Often families who have been denied entry are forced to spend the night in the open between the two borders as they wait for the Iraqi border checkpoint to reopen in the morning so they can return to their homes.

"They bounced me back for the third time," complained Ahmed Al-Khazraji, a young grocer from Fallujah, "although I proved to them that I am a merchant and I only need to stay there for a couple of days to load my merchandise. There must be something wrong with my appearance or a similarity between my name and someone's who is not welcome in this country."

Jordanian border officials began to clamp down on the number of Iraqis entering the country, enforcing more stringent security checks, after the 9 November Amman hotel bombings alleged to have been carried out by Iraqis and other Arab nationals. Thorough interviews are now conducted of many Iraqis hoping to enter the country. Often families are forced to spend the night in the open between the two borders as they wait to be processed.

"Why don't they make people apply for a visa so that they tell them in advance whether they are allowed to enter the country or not?" asked Bilal Naji who was refused entry to arrange for medical treatment for his father in a Jordanian hospital. "All Iraqi doctors are here [in Jordan] now and we have to come for treatment. They shouldn't just tell us to go back like this," he said.

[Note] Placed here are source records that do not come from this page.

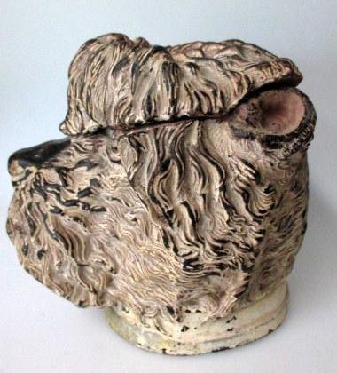 Bemalet rød lers tobaks krukke i form af hunde hoved. 19. årh. Med løst låg. Stemplet i bunden med produktionsnummer: o8/451. H.: 17,5 cm.
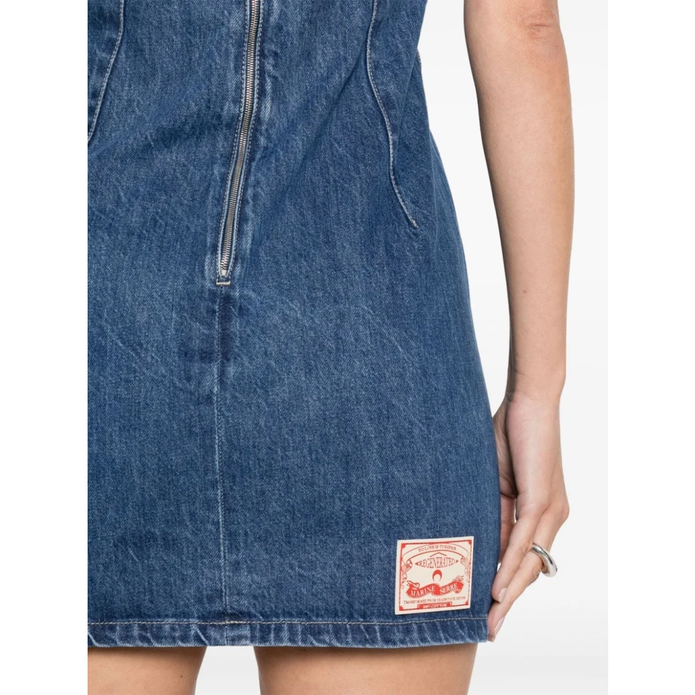 Upgrade je dagelijkse look met deze Marine Serre navy blauwe katoenen denim jurk met een unieke halve maan print. Het mouwloze ontwerp, ronde hals en naaddetails voegen een vleugje verfijning toe aan dit dij-lange stuk. Compleet met een logo patch op de achterkant, rechte zoom en ongevoerde afwerking, is deze jurk perfect voor elke gelegenheid. De achterkant ritssluiting zorgt voor gemakkelijk dragen. Ware maat, we raden aan om je normale maat te bestellen. Model is 1, 75m / 5ft 8in en draagt maat 36 (Fr).
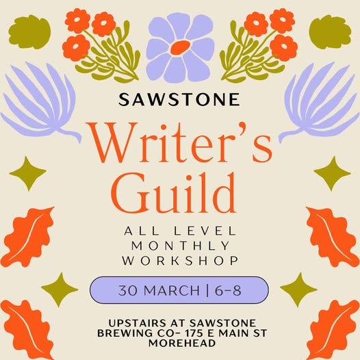 But sadly our second Teen Writers Day Out did not attract enough interest and there was even less interest in our Spring Break Writing Camps (with the most excellent theme of Manifestos, Monsters, and Other Strange Things) garnered even less. So I do not know what writing in community with young people will look like for me in the future. However, my practice retirement has helped me gain some perspective and for now I am willing to wait and see. One good came out of the cancellation of the Spring Break Writing Camps. I was able to accept an invitation to the Sawstone Writer’s Guild
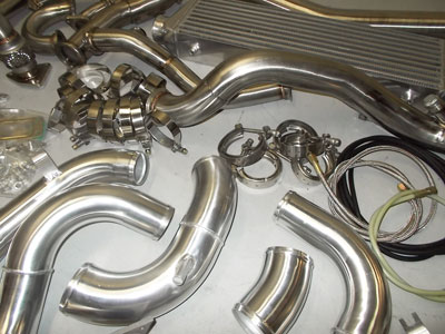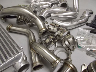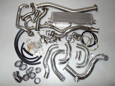 Kanji Brand Turbo Kit for 2003 to 2006 350Z/G35, tig welded aluminum intercooler piping, multi-ply couplers and Tbolt clamps, stainless steel exhaust piping, Vbanded piping, thick intercooler, set up for 39mm wastegate and T3 flanged turbo, $1799 for the kit, $2899 with a Precision 39mm wastegate (set up for 3 to 17psi) and Precision Billet Compressor Wheel Turbo, such as 5862 all the way to 6262 (price can be slightly cheaper with a Precision Entry Level Turbo)

Amman hosts tens of Iraqi doctors who have fled widespread assassinations and abductions committed against their colleagues in Iraq. "There is no security, no respect for human rights, no jobs, no gas, no electricity, no one to listen to your complaints and no vision for what's going to happen tomorrow or even a minute later," said Jabbar Al-Zaidy, a writer and former Iraqi News Agency senior official.

"There is no life in Iraq that one stays to live. It is only for those who take shelter behind concrete walls and thousands of guards and servants," Al-Zaidy added.

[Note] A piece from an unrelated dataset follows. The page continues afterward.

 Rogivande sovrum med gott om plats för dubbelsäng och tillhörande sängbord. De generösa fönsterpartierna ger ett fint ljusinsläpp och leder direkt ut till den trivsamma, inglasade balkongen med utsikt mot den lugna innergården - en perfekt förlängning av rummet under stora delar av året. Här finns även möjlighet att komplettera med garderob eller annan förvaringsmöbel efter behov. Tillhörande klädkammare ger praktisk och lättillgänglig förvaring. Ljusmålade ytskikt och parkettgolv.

Dr Zeineb Sameer, of Ibnul Nafees General Hospital in Baghdad, told Al-Ahram Weekly she was forced to wear Islamic code dress when going to work. Being Muslim she accepted that, but her real problems started after the February Samarra events: "When an injured militiaman was brought in for treatment, his fellow militiamen pointed their guns to my head threatening that they would kill me if he died. Being an anaesthesia specialist and a Sunni Muslim I would take the blame for his death regardless of how bad his injury might have been. I am happy I survived until I finished my internship, but I could not work there any more. I would love to stay in Iraq to do something for those who get hurt in the daily massacres, no matter who they are and which sect they are from, but I left when I found it impossible to stay."

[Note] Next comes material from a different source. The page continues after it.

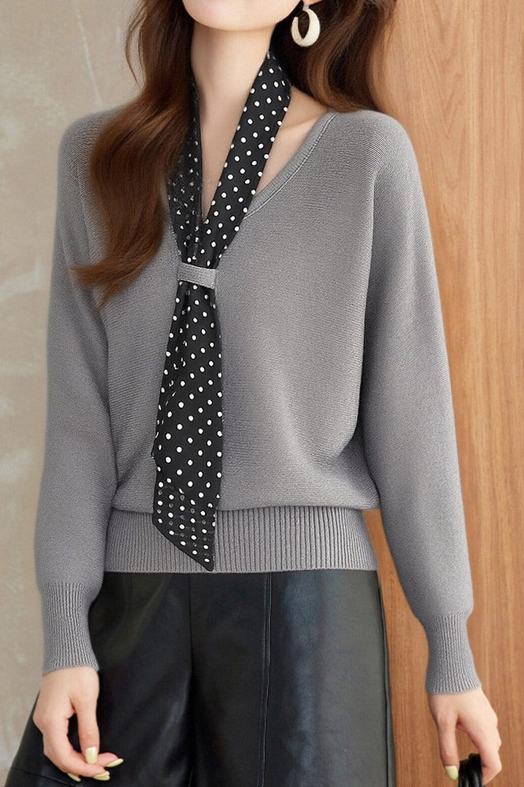 Casual Versatile V-Neck Polka Dot Scarf Necktie Batwing Sleeve Pullover Knitted Top
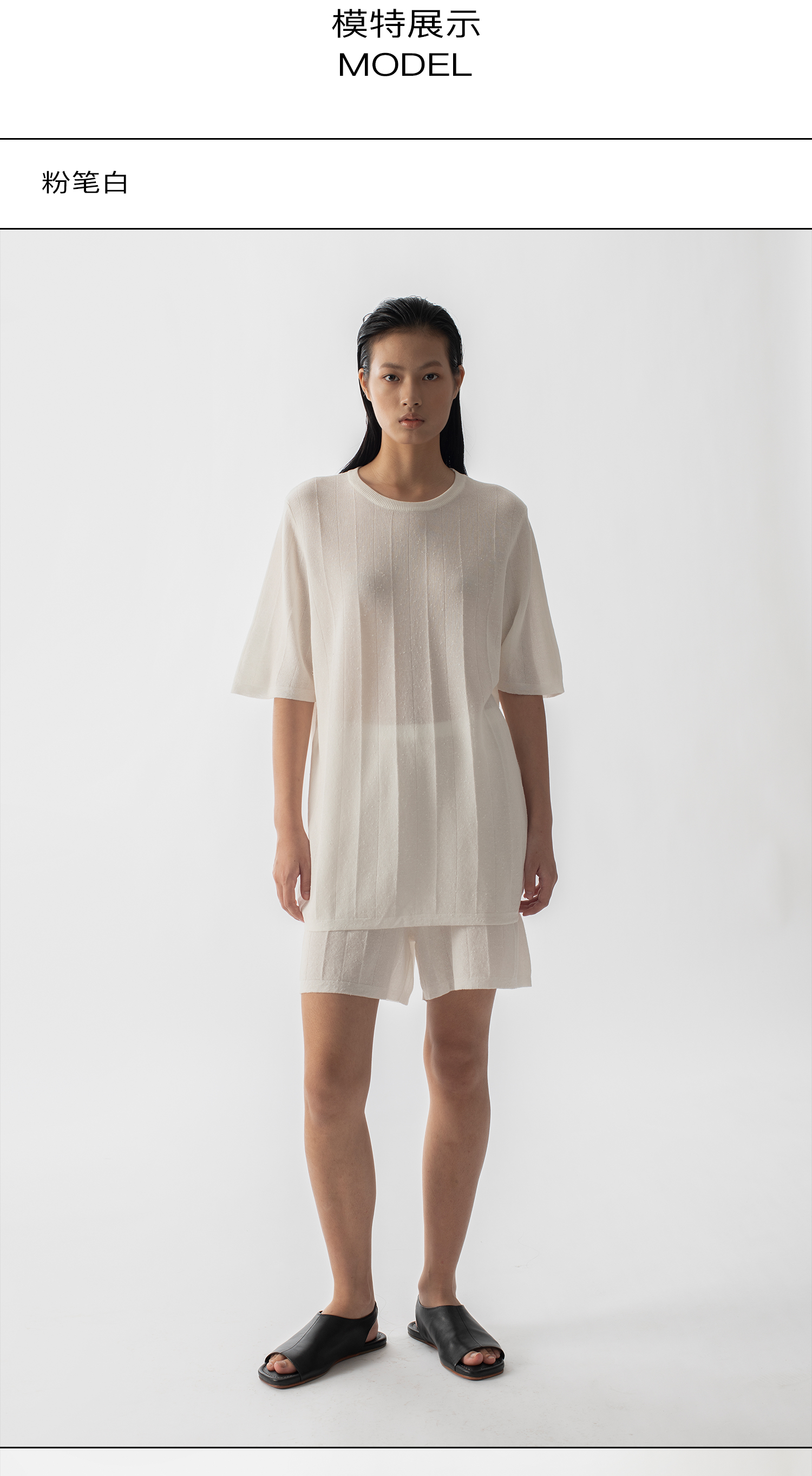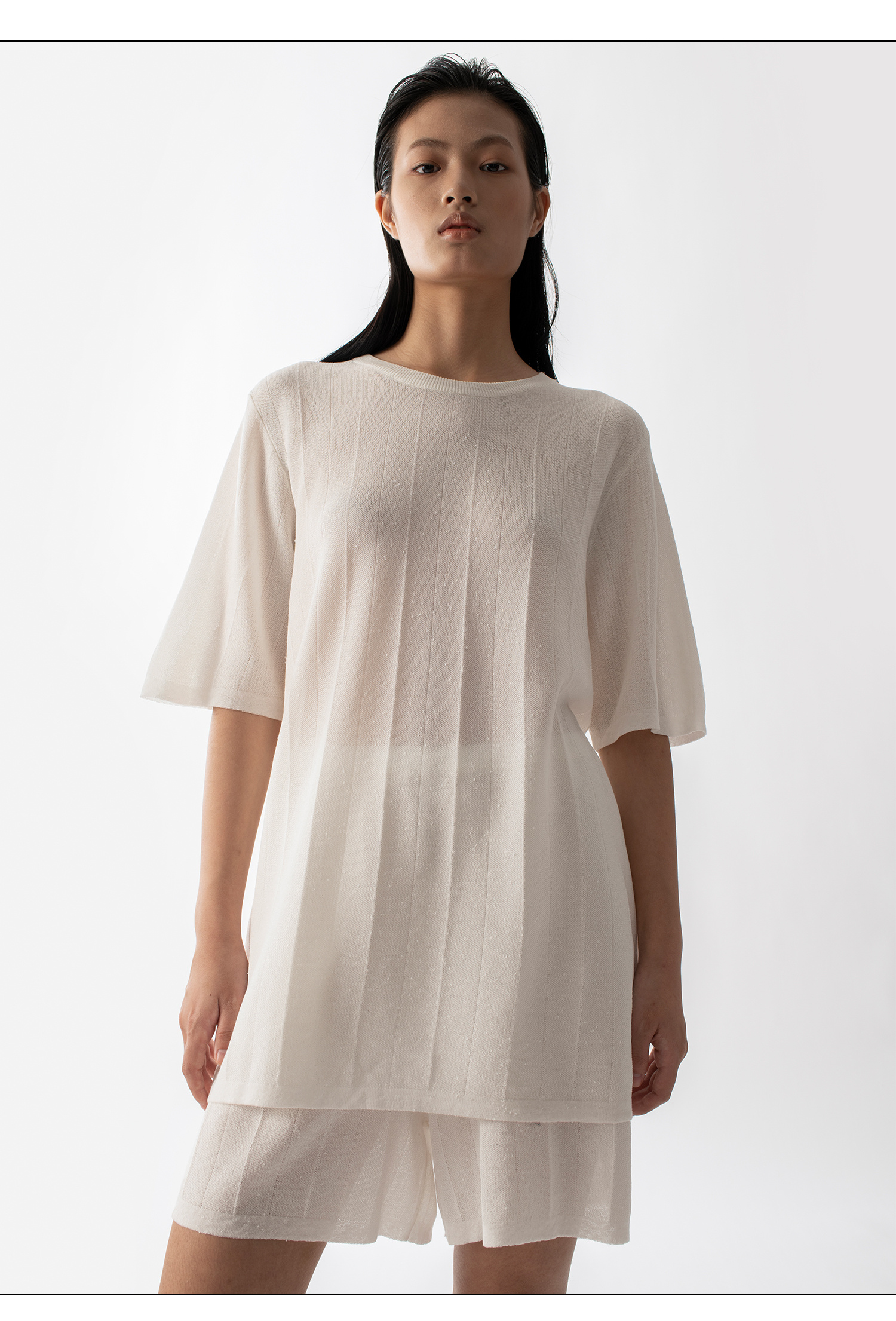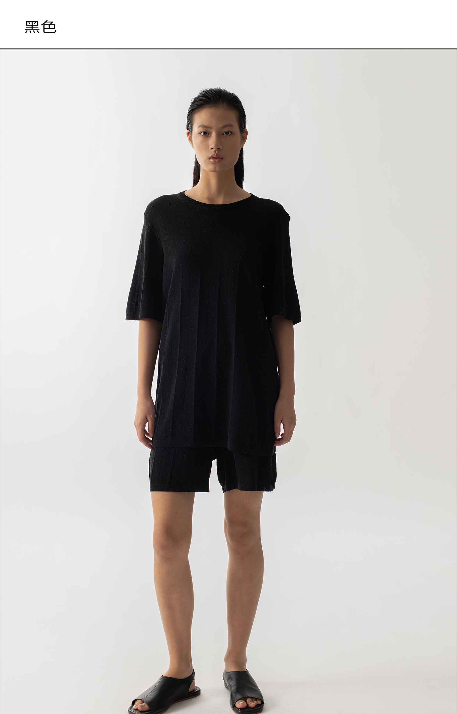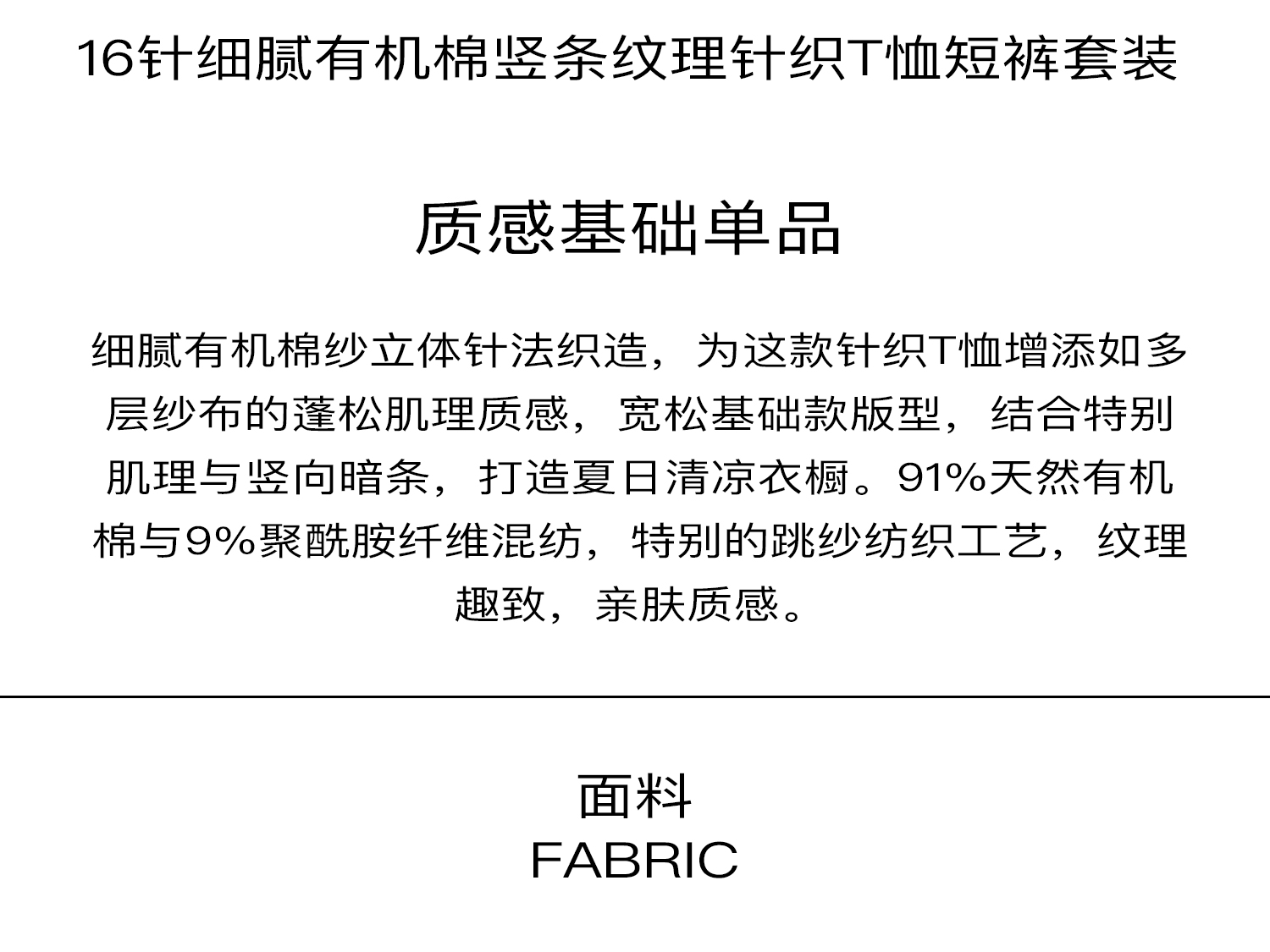 322工房新款16针芝麻点针法有机棉混纺针织T恤短裤两件套

The tears in her striking eyes tell more than her words. Now Sameer must find a hospital that will accept her for getting a license in a country full of doctors. Some doctors have had to pay "training fees" to the hospitals they work in.

Abu Hassan, an ex-army officer who was once a prisoner of war in Iran for almost 10 years, brought his family to Jordan after selling his house and all his belongings in Baghdad. "It was a good investment to buy more than one flat [in Amman]; to use one for my own accommodation and let the others out for income that covers living expenses. The price of property has almost doubled since I bought them."

Not all Iraqis who come to Jordan are equally well off. With no advanced university degrees, no capital, and no one to support them in getting residence permits and decent jobs, many Iraqis lead desperate lives, hoping but to remain in the country and earn a meagre income. One finds them selling smuggled merchandise in the street or waiting at places where people come searching for cheap labour.

Despite their differing fortunes, all Iraqis in Jordan look eastward to their once native country, wondering when the violence will end and allow them to return.